On 3 September, elements of the British Eighth Army crossed into Italy and advanced up the Italian toe in pursuit of the retreating Germans. On 9 September the main assault was launched when an Anglo-American force, part of the U. S. Fifth Army, landed on the beaches near Salerno, south of Naples. Since the enemy had expected landings in the vicinity of Naples and had disposed his forces accordingly, the Allies encountered prompt and sustained resistance. By 15 September, however, the Germans started to withdraw up the Italian Peninsula, pursued on the west by the Fifth Army and on the east by the Eighth Army. The port of Naples fell on 1 October and the Foggia airfields about the same time.

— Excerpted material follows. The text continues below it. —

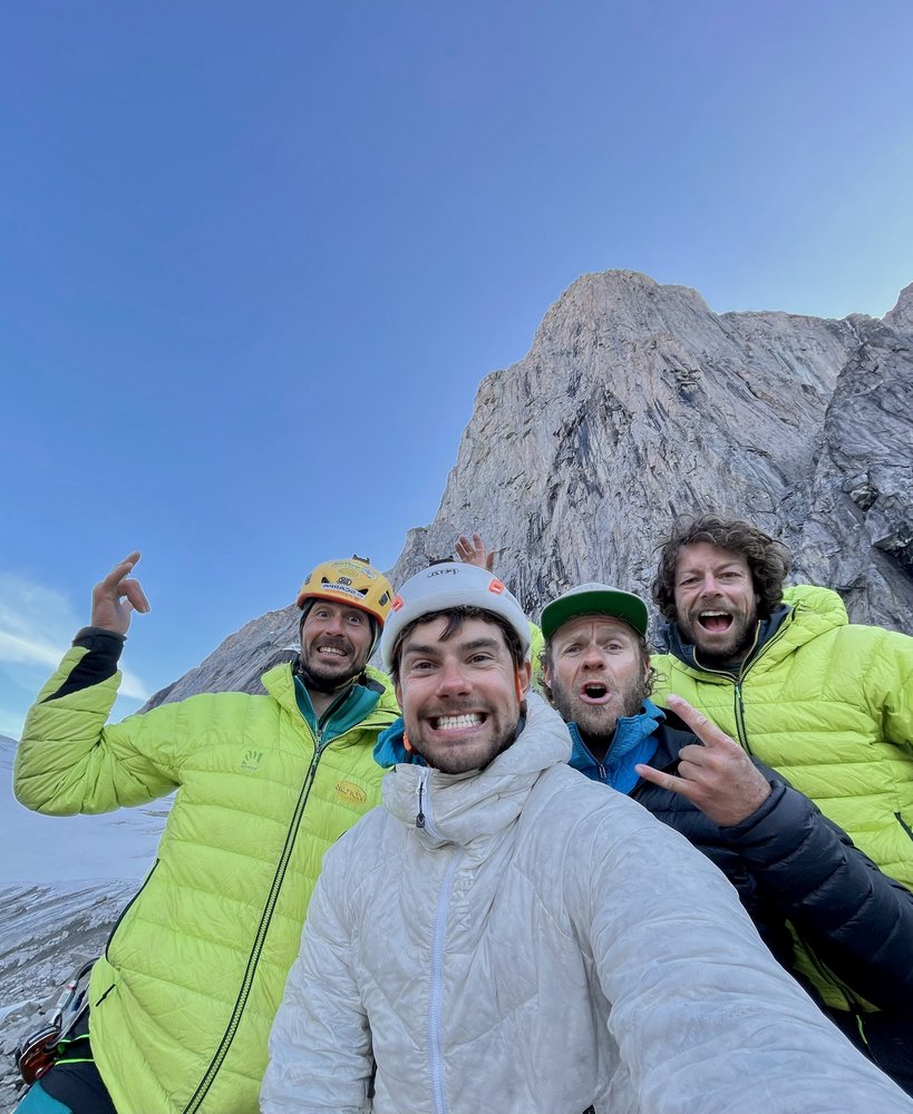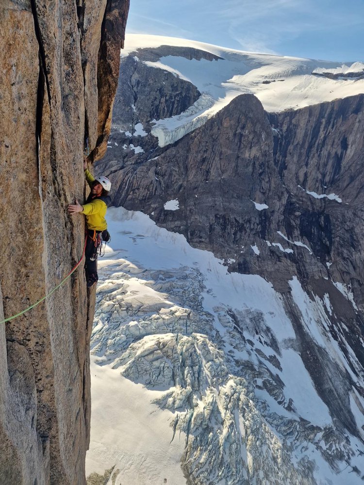 Material. Es war großartig, endlich in der Wand zu sein und unser Bestes zu geben! Spätabends erreichten wir einen guten Biwakplatz hoch in der Wand. Die Stimmung war endlich wieder gut, die Motivation hoch. Am nächsten Tag kletterten Alex und ich voraus. Es war kalt und je höher wir kamen, umso mehr Schnee lag in der Wand. Alex kletterte einige kombinierte Seillängen – ohne Steigeisen und Pickel. Nach der grandiosen Schlussverschneidung ließen wir die Felsen unter uns und standen vor der beeindruckenden Gipfel Eiskappe. Hundert Höhenmeter später waren wir endlich auf dem Gipfel. Die Droneren ist ein hoher, freistehender Berg und die Aussicht ist einmalig. Unsere Blicke schweiften vom gewaltigen grönländischen Inlandeis zu den vielen beeindruckenden Bergen bis hin zum arktischen Ozean.

After crossing the Volturno River against stiff resistance, the Allies advanced to the Winter Line seventy-five miles south of Rome. In bitterly cold weather the troops slogged through mud and snow to breach the series of heavy defenses and advanced to the Gustav Line. In midJanuary the main Fifth Army launched a new offensive across the Rapido and Garigliano Rivers to pierce the Gustav Line and advance up the Liri Valley toward Rome. Bridgeheads were secured across the rivers and footholds were obtained in Cassino and surrounding hills, but no break-through of the main German positions was effected. A few days after the initial attack against the Gustav Line, an Anglo-American amphibious force landed at Anzio and struck inland with the purpose of compelling the Germans on the southern front to withdraw. But the Allied beachhead force was contained by the enemy’s unexpectedly rapid build-up and was hard pressed to stave off several fierce German counterattacks.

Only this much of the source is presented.